Figure 2 demonstrates the qualitative comparison among predicted brain masks. For (apparently) normal brain scans, all networks produce visually acceptable brain masks. However, the plain and dense U-Nets have difficulties in handling images with pathologies, especially the pathological tissue on or near the boundary of the brain. Part of the pathological tissue in the brain is considered as non-brain tissue. The plain U-Net even oversegments part of the skull as the brain when the skull intensity changes, as shown in the case 3. In contrast, our CompNets can correctly recognize the brain, and the optimal CompNet presents the best visual results for all four cases. We then use Dice score, sensitivity, and specificity to quantify the segmentation performance of each network, as reported in Table 1. The optimal CompNet consistently performs the best among all networks for either normal (averaged Dice of \(98.27\%\)) or pathological (averaged Dice \(97.62\%\)) images, although its performance on images with pathologies is slightly downgraded by \({<}0.7\%\) on average and \({<}2.6\%\) in the worst case.

Fig. 3.
figure 3

Three outputs (b–d) of our optimal CompNet for an input brain scan (a).
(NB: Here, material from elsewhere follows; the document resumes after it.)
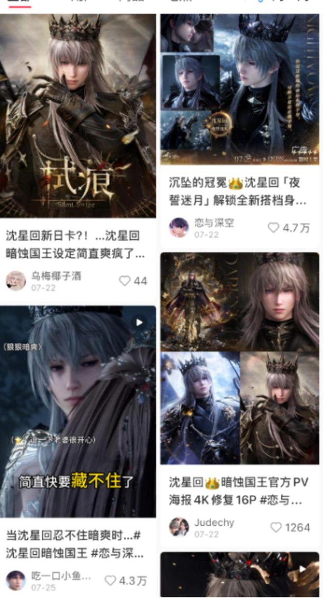 7 月 25 日,《恋与深空》"沈星回・暗蚀国王" 限定卡池上线首日便登顶 iOS 畅销榜,单日流水突破 3000 万元。这份成绩单背后,是玩家对 "一年仅一次的大型活动" 的热切期待 —— 从 7 月 22 日先导 PV 发布起,玩家自发组织的宣传活动在微博、小红书等平台形成刷屏效应,# 沈星回暗蚀国王 #话题阅读量 48 小时内破 8000 万。

Figure 3 shows the three outputs from the optimal CompNet: the masks for the brain and its complement and the reconstructed image. According to the combination of the brain mask and its complementary one, we can identify different parts in the brain image. This confirms that the brain branch works as expected; more importantly, the complementary branch has learned features for separating the non-brain region from the brain tissue. This enables the network to handle unseen brain tissue and be insensitive to pathologies in brain scans.
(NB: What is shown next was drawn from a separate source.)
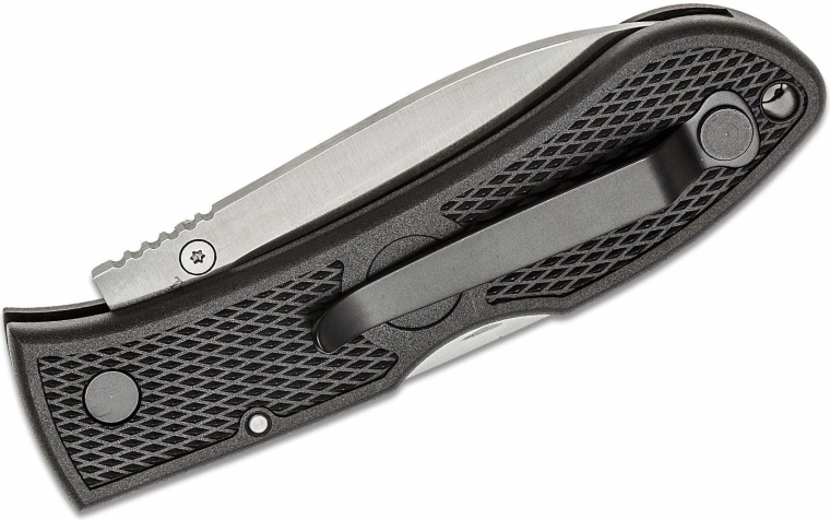 The Zytel handle in black has a pleasant texture for a firm grip even in more demanding conditions. The reversible pocket clip allows discreet pocket carry, and the lanyard hole expands attachment and retention options.

4 Discussion and Conclusions

In this paper, we proposed a complementary network architecture to segment the brain from an MRI scan. We observed that the complimentary segmentation branch of the optimal CompNet learns a mask outside of the brain and can help recognize different structures in the non-brain region. The complimentary design makes our network insensitive to pathologies in brain scans and helps segment the brain correctly. We used synthetic pathological images due to the lack of publicly available brain scans with both pathologies and skulls. Our source code is publicly available for in-house testing on real pathological imagesFootnote 1.
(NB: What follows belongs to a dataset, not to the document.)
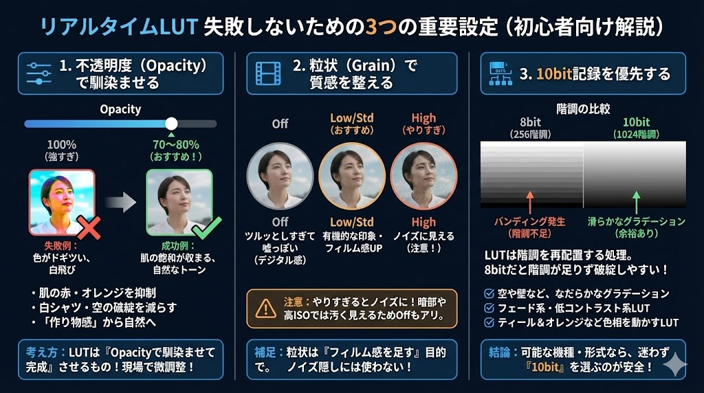 という下地ができます。その上でOpacity低めのクリエイティブLUTを足すと、撮って出しでも成立しやすい映像になります。リアルタイムLUT運用と、かなり相性がいい考え方です。

Furthermore, our current networks accept 2D slices from a 3D brain image, but the design can be extended to 3D networks for directly handling 3D images. Implementing 3D CompNets will be one of our future work plans. In addition, our complementary network design is not specific to the brain extraction problem but can be generalized to other image segmentation problems if the complementary part helps learn and understand the objects of interest. Another future work is the analysis of the theoretical and geometric implications of our CompNets.